Mme Pigot et ses collaborateurs créent les outils de haute technologie, mais les aidants naturels apportent des contributions essentielles et, au bout du compte, ce sont eux qui choisiront et installeront les bons outils au domicile de leurs proches.
Jesse Hoey, codirecteur du projet, parle d’une approche “libre-service” de la domotique. “Les aidants naturels connaissent les habitudes de la personne âgée et peuvent adapter les fonctions de domotique aux besoins de cette personne”, déclare M. Hoey, professeur agrégé d’informatique à l’Université de Waterloo.
Alex Mihailidis, professeur au Département de sciences du travail et d’ergothérapie de l’Université de Toronto, est un autre intervenant de la domotique — et un des directeurs scientifiques d’AGE-WELL. Il a créé un appareil appelé COACH qui utilise l’intelligence artificielle, des capteurs et des indices audiovidéo pour accompagner les personnes atteintes de démence tout au long des étapes du lavage des mains et du brossage des dents.
“Les capteurs peuvent aider les gens atteints de démence à accomplir toutes sortes de tâches, comme se brosser les dents, s’habiller, préparer un repas ou se faire une tasse de thé. C’est une question de sécurité — et d’autonomie”, explique-t-il.
Son équipe a également mis au point un système d’intervention d’urgence pour détecter les chutes à domicile. Grâce à l’intelligence artificielle et à la vision artificielle, le système “apprend” les habitudes d’une personne et sait détecter les problèmes. Il peut interagir avec la personne et appeler au secours lorsqu’il y a lieu.
Mme Pigot imagine que les capteurs pourraient détecter qu’une personne est en détresse et lui venir en aide grâce à une combinaison apaisante d’éclairage et de musique. “La personne peut penser qu’il fait jour alors qu’il fait nuit et ne pas pouvoir retourner au lit. Notre objectif vise à réduire l’anxiété d’une personne désorientée pendant la nuit, pour qu’elle puisse retourner dormir”.
Idéalement, les fonctions de domotique seront également intégrées au domicile d’aînés en bonne santé, ce qui leur permettra de s’habituer aux technologies, de dire M. Hoey. “La domotique libre-service vise à fournir de l’aide sur de longues périodes pour soutenir les personnes âgées à mesure que leur capacité fonctionnelle et leur état de santé se détériorent”.

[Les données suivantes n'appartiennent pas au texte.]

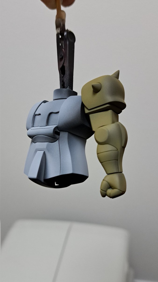 1 12 今日の300円ザク様part2。本体カラーと影色。個人的に暗い色の上に明るい色をエアブラシする方が得意かもしれない。色々試しながらやってみよう。 #ガンプラ #ザク #旧キット 23/03/15 17:17
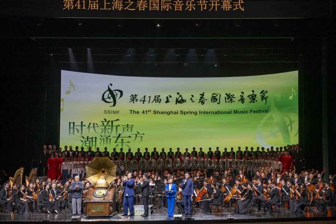 演出开场前,“七一”勋章获得者、taptap点点杰出校友吕其明,廖昌永,上海歌剧院院长石倚洁共同为本届“上海之春”启幕。

Les maisons intelligentes pourront également anticiper les problèmes. M. Mihailidis est en train de mettre au point des “algorithmes prédictifs” pour déterminer qui développera une démence — en recueillant de l’information sur les habitudes au quotidien.
“À l’heure actuelle, les soins de santé au pays sont plutôt réactifs. Nous voulons être proactifs, afin d’agir avant qu’il ne soit trop tard”, souligne M. Mihailidis, titulaire de la chaire Barbara G. Stymiest pour les recherches en technologies de réadaptation à l’Institut de réadaptation de Toronto. “Les maisons intelligentes réduiront également le fardeau imposé aux aidants naturels et contribueront à éloigner les gens des hôpitaux et des centres de soins de longue durée. Tout le monde y gagne.”